This post is a discussion of the ongoing development of the Patient Pathway Analysis tool I was working on over the winter of 2018. I’ll be covering the techniques I’ve used, some of the challenges I’ve had while producing the tool, and techniques I’d like to use in future.
As mentioned in my previous blog post regarding the Patient Pathway Tool, it utilises Chi Squared tests (on contingency tables) to determine whether a CCG’s patients are being treated differently to their similar 10 peers. This is done across a selection of indicators from the SUS inpatient spells and episodes tables. Once an indicator has been determined to have been carried out significantly differently compared with the CCG’s peers, I’ve worked on providing the tools to investigate what happened to the patients for each category of the indicator across their inpatient stay.
This was achieved by using the interactive elements of Jupyter Notebooks and the visualisation package Altair. The user can select a category from a given indicator and see what occurred to that group of patients across all other indicators from the data set. This allows an analyst to determine the possible reasons for any given difference – for example some differences may be explained by the specific diagnosis or group of procedures that are being carried out on a set of patients, showing that the difference in patient cohort might have led to the differences determined by the tool. Or that one of the CCG’s peers are admitting patients for a set of procedures that might normally be done as outpatient procedures, causing differences throughout each indicator.
This allows the analyst to then remove any group of patients that might be considered outliers and examine whether any differences have occurred in the new, more homogenous subset of patients.
As an example, looking at Head and Neck Cancer patients for a CCG – the tool identified a difference in the proportion of patients having an operation between the CCG and its peer group (the best 5 CCGs for length of stay (LoS) for the Head and Neck Cancer patients).

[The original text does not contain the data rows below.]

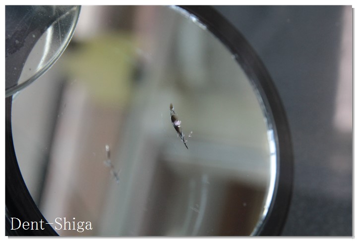フロントガラスリペアのご依頼ですが、キズ内部の状態は良くない感じですね・・汚れや油分が(汗)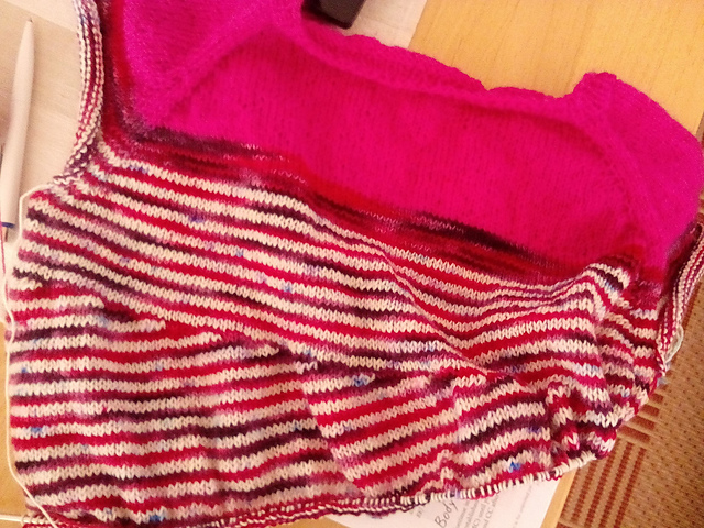 Der Pulli aus Verlaufsgarn gefällt mir sehr gut! Ich habe mir auch 12 Socken dieses Jahr vorgenommen, aber das muss im Sommer pausieren!
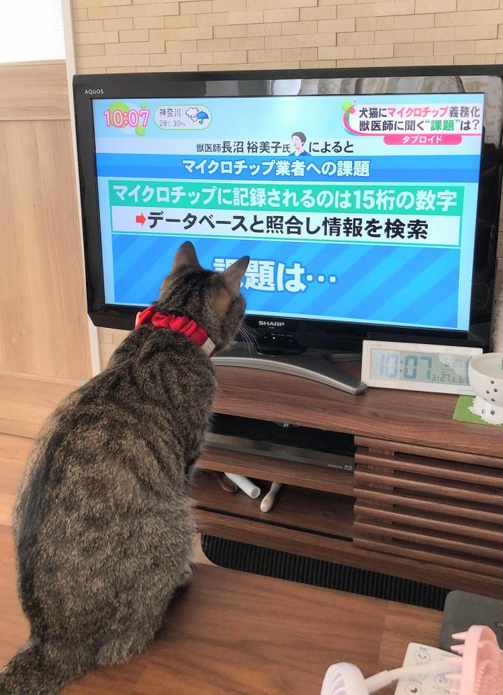 歯磨きを終えリビングの扉を開けると、ぽてはマイクロチップ義務化の解説に釘付けでした(笑)。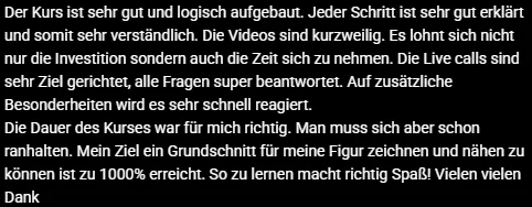 Auch wenn in dem Kurs die häufigsten Figur- und Schnittanpassungen berücksichtigt werden, kann es vorkommen, dass du für eine perfekt sitzende Maßschnitt noch weitere / andere individuelle Anpassungen benötigst. Das sind dann die inhaltlichen Grenzen des Selbstlernkurses und der VIP-Betreuung. Der Kurs bietet keine Anpassungen für adipöse Personen, asymmetrische Körperhälften, Rollstuhlfahrer, verkrümmte Wirbelsäule, Lipödeme, etc. an.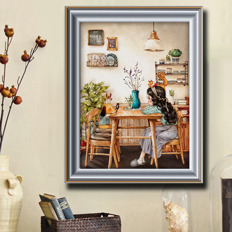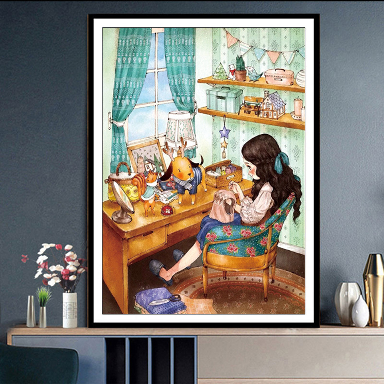 モナリサ十字刺繍女の子リビングルーム森少女アフタヌーンティー愛女の子ベッドルームいっぱい刺繍キャラクター漫画

The tool then allows us to drill down on the group of patients coded as having an operation status of 8 (Not Applicable), to see what occurred with this group of patients across the rest of their inpatient care. We identified that the patients were most commonly having the ‘X654’ procedure, the code for a type of Radiotherapy. Patients having this procedure from the best 5 CCGs were almost entirely from one large CCG – skewing the proportions a large amount. This cohort of patients could then be removed to explore whether any differences occurred across a more similar set of patients.

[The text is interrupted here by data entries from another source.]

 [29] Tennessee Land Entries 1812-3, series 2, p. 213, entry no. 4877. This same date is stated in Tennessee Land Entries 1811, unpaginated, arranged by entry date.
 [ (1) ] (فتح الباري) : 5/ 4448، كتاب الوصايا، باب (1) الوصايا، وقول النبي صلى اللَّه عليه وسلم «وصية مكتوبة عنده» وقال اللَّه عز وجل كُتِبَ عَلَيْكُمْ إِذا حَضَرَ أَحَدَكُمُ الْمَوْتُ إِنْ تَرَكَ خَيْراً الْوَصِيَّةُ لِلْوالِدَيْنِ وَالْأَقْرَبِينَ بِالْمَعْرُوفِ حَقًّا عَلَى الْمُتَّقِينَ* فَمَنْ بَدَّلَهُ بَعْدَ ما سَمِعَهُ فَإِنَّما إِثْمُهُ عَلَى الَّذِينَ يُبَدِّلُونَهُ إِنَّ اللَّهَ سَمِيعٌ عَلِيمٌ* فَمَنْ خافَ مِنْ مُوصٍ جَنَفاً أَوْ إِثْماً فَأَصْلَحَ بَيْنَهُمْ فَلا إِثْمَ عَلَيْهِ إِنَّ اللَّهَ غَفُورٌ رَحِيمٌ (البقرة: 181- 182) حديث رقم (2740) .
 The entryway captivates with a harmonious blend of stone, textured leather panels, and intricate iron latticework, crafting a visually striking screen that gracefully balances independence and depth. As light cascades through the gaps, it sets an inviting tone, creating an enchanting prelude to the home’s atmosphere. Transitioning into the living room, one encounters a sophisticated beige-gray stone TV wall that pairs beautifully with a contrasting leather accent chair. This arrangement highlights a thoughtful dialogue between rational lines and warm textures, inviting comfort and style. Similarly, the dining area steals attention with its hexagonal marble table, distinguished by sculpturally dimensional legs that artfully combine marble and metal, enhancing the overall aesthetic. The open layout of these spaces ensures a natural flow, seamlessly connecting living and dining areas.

Procedures with small numbers have been removed
A large part of this project that I generally didn’t account for has been managing the queries to the SUS database. Trimming the query down to fewer fields (for example dropping procedure codes past the 10th due to the small number of patients this affects), creating more efficient joins and creating stored procedures the tool calls were all important parts of reducing the load times from 5 minutes (!) to around 30 seconds. This has allowed small changes to be made to the query (adding/removing diagnosis codes etc.) without having to worry about the massive amount of time that would be wasted waiting for the data to be passed to the tool.

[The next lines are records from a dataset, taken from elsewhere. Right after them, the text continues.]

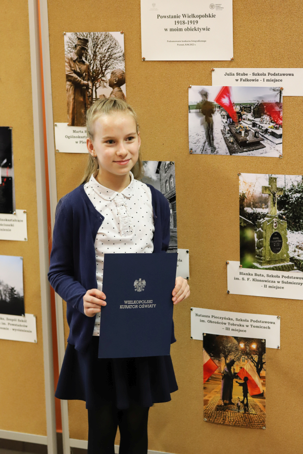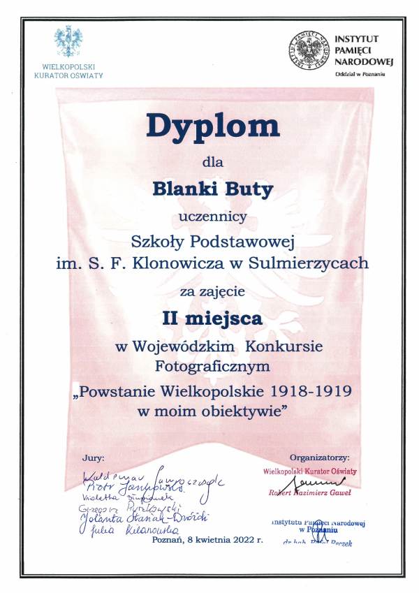 Z wielką dumą i radością informujemy, iż nasza uczennica Blanka Buta zajęła II miejsce w wojewódzkim konkursie fotograficznym ogłoszonym w listopadzie 2021 roku przez Kuratorium Oświaty w Poznaniu oraz poznański oddział Instytutu Pamięci Narodowej pod hasłem: "Powstanie Wielkopolskie 1918/1919 w moim obiektywie”.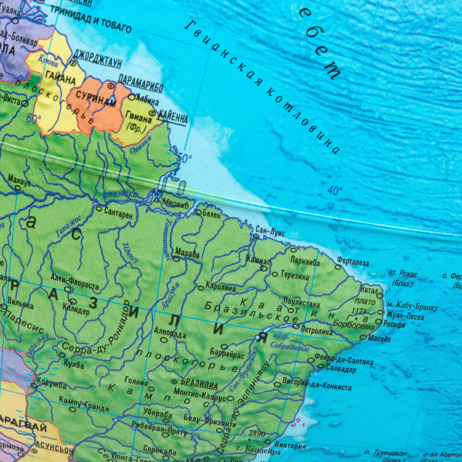 | Плюсы: | Простой классический глобус. Цвета яркие, но не кричащие, вращается хорошо. Очень легкий! |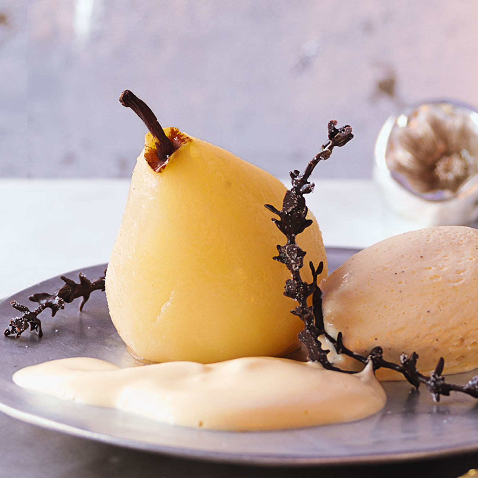 3. Die Birnen einzeln aus dem Backpapier nehmen und auf einen Teller setzen, mit der Zabaione angießen. Die restlichen Amarettini hineinbröseln und mit Eis servieren.

As the tool increased in complexity it was also important to create modules of functions to be called upon within the notebook environment – to abstract the complexity and reduce the cognitive load on the user when making small changes to the tool. It required breaking down the actions carried out in each cell into functions; working out where similar functions existed and then slightly adjusting those similar functions or their outputs to work for all the required cells. I used Visual Studio Code as my editor of choice for writing the .py files that housed the functions, but any text editor or IDE would suffice. Here are some examples of the functions that were created; functions for producing each of the types of visualisation used in the tool; functions for calling SQL queries; functions for transforming the data into contingency tables and functions for enabling suppression of small numbers from outputs.
def ClusteredBarChart(data: pd.DataFrame, indicatorCol: str, descCol: str, x_Sort: list, indicatorTitle=''): ''' The standard clustered bar chart showing the chosen CCG against the best 5 or similar 10.''' chart = alt.Chart(data[data['Include'] == 1]).mark_bar(stroke='transparent').encode( x = alt.X('variable:N', axis = alt.Axis(title=''), sort=x_Sort), y = alt.Y('value:Q', axis = alt.Axis(title='% of Patients', format='.0%')), color= alt.Color('variable:N', legend = alt.Legend(title = ''), sort=x_Sort), column=alt.Column(indicatorCol, type='nominal', title=indicatorTitle), tooltip=[alt.Tooltip(field='value', type='quantitative', title='% of Patients', format='.2%'), 'Counts', descCol] ).configure_view( stroke ='transparent' ) return chart
An example of a function used to produce visualisations in the tool, making use of the Altair package.
I’ve looked into other techniques that we may be able to use in the future; my favourite of the techniques so far has been clustering using K-prototypes, a technique combining the K-means and K-modes methods for clustering data. K-prototypes would be needed due to the mix of categorical (e.g. operation status and procedures carried out) and continuous variables (e.g. the patient’s distance from provider and their length of stay). The package needed to do this type of analysis in python is kmodes. Unfortunately, I’ve moved roles recently so won’t be able to work on this myself – but hopefully this will be able to be implemented by my colleagues when they get the time to work out the code base!